## EXERCISE DETAILS
From the line with "刘诗诗的的衣裙将传统工艺与时" to the line with "年过六旬的1号楼居民赵先生看", retype each line exactly as it stands in the records below, but skip the pictures.

Stored entries:

━━━━━━━━━━━━━━━━━━━━━━━━━━━━━━

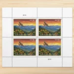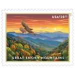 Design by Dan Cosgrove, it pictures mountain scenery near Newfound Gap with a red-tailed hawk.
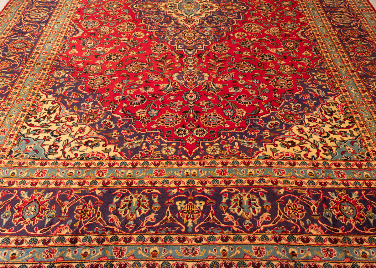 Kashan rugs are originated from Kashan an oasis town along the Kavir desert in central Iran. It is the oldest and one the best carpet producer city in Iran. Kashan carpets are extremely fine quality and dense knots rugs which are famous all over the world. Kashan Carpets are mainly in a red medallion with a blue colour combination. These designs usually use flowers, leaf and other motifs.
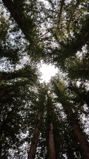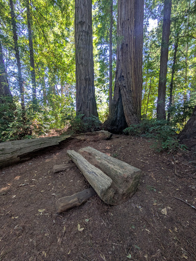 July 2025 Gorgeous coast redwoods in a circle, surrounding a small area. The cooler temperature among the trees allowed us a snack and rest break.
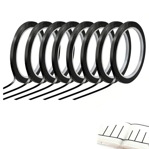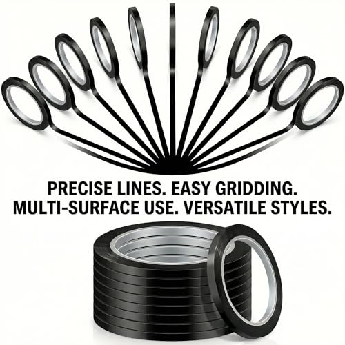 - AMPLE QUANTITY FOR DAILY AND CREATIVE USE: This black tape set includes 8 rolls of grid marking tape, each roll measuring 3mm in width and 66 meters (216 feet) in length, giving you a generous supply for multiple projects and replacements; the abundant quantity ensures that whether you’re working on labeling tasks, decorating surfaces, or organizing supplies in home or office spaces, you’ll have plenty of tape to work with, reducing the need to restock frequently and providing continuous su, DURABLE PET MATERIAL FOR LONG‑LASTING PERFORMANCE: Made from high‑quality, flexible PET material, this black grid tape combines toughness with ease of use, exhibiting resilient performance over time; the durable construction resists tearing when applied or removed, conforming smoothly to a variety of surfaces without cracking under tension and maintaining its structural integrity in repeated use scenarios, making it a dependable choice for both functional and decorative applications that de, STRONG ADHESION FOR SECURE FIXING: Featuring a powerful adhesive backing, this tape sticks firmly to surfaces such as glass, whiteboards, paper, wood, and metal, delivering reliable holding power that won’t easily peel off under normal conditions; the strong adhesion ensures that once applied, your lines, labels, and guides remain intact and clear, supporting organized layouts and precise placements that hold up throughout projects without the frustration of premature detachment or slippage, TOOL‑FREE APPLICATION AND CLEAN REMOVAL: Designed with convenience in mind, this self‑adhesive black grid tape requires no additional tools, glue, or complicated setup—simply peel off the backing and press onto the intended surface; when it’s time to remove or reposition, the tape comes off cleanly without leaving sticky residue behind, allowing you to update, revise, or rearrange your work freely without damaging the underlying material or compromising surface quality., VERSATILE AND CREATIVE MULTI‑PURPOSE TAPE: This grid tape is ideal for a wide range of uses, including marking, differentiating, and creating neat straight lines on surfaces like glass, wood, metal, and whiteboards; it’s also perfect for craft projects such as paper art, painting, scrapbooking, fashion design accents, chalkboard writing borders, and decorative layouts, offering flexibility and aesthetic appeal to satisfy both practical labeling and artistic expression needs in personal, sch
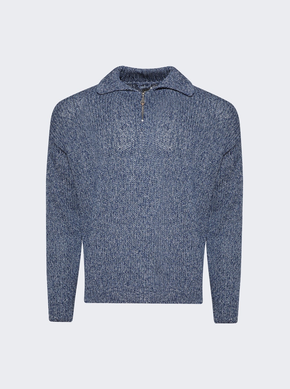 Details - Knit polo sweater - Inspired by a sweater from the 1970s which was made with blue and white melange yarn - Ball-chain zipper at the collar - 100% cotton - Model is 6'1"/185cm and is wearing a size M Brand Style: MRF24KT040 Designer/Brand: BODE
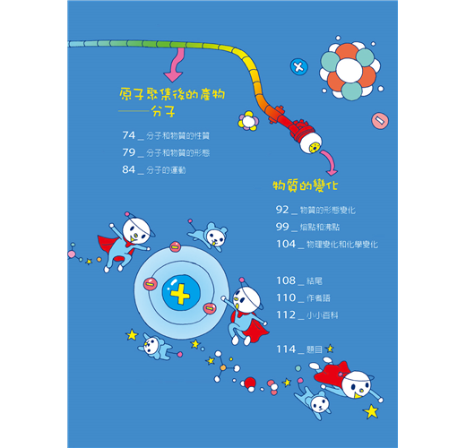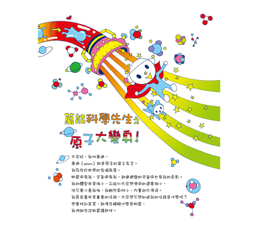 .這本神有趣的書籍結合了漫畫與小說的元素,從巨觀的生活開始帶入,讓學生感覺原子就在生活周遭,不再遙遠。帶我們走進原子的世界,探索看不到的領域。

━━━━━━━━━━━━━━━━━━━━━━━━━━━━━━

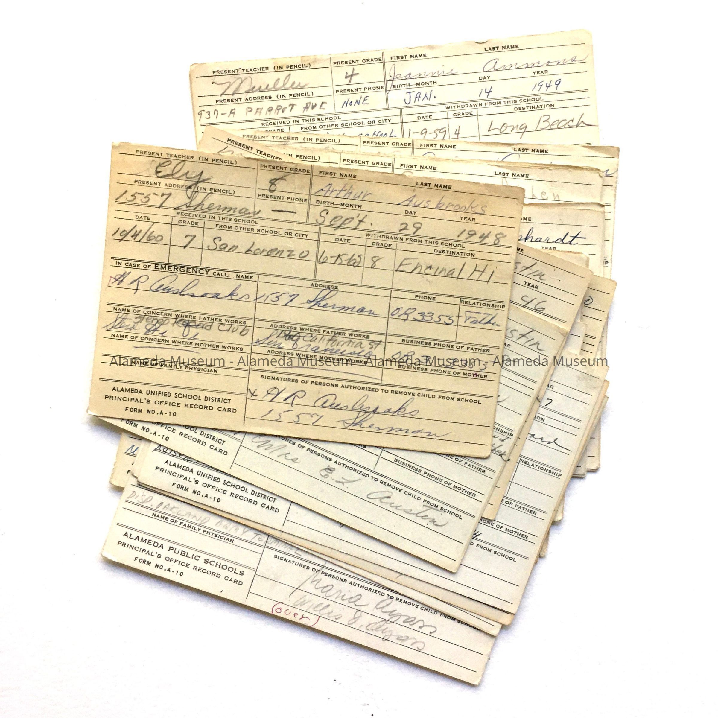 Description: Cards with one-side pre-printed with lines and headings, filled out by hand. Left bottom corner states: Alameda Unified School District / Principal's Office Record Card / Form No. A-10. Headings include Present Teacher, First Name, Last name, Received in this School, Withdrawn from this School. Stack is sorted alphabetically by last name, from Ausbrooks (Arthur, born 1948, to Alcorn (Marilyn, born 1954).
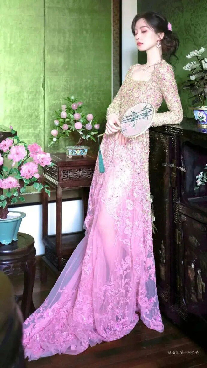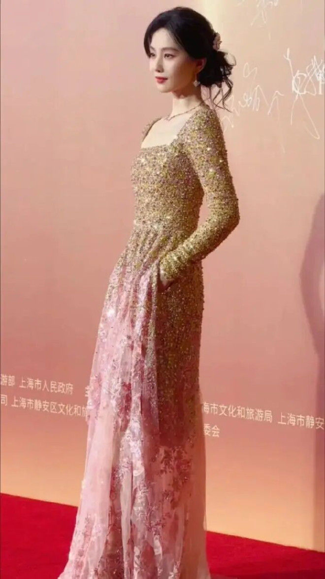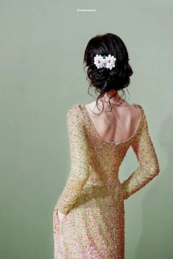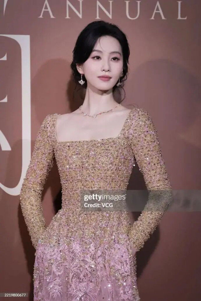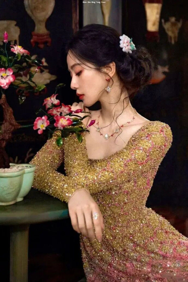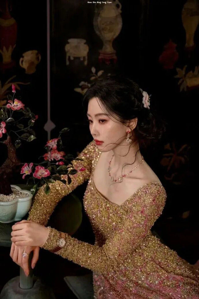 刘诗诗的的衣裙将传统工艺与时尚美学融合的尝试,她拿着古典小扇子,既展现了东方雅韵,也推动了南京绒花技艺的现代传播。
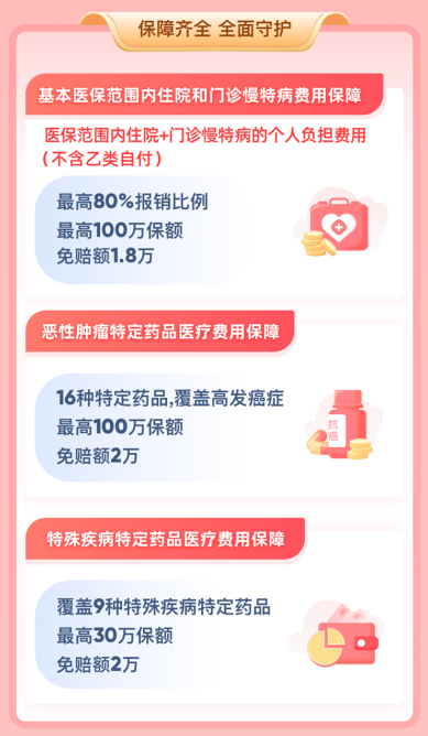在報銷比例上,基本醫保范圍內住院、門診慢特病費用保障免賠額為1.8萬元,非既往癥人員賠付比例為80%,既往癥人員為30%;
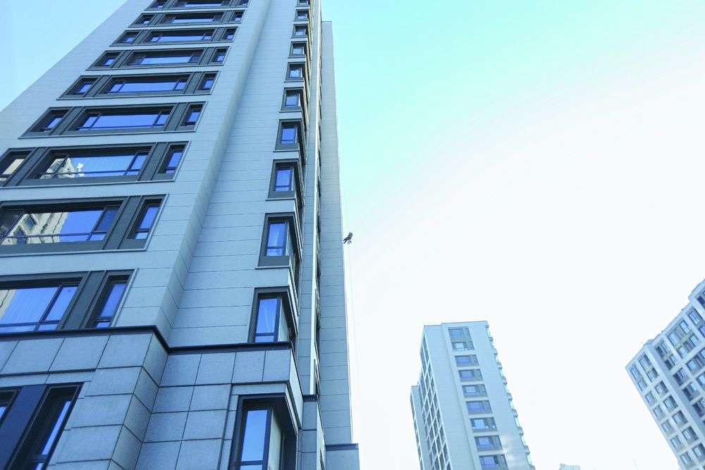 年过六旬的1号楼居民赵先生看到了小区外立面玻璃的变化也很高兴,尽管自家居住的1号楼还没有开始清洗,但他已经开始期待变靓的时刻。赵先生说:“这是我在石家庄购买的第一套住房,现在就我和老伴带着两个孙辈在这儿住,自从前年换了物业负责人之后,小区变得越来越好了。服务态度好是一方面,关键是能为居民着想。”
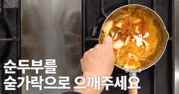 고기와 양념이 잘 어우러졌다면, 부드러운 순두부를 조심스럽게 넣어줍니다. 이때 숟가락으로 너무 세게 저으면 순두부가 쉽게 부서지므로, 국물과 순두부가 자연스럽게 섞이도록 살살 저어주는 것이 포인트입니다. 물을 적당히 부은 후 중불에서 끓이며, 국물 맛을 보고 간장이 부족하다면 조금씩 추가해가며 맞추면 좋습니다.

━━━━━━━━━━━━━━━━━━━━━━━━━━━━━━

## RESULT FOR THIS TASK
 刘诗诗的的衣裙将传统工艺与时尚美学融合的尝试,她拿着古典小扇子,既展现了东方雅韵,也推动了南京绒花技艺的现代传播。
在報銷比例上,基本醫保范圍內住院、門診慢特病費用保障免賠額為1.8萬元,非既往癥人員賠付比例為80%,既往癥人員為30%;
 年过六旬的1号楼居民赵先生看到了小区外立面玻璃的变化也很高兴,尽管自家居住的1号楼还没有开始清洗,但他已经开始期待变靓的时刻。赵先生说:“这是我在石家庄购买的第一套住房,现在就我和老伴带着两个孙辈在这儿住,自从前年换了物业负责人之后,小区变得越来越好了。服务态度好是一方面,关键是能为居民着想。”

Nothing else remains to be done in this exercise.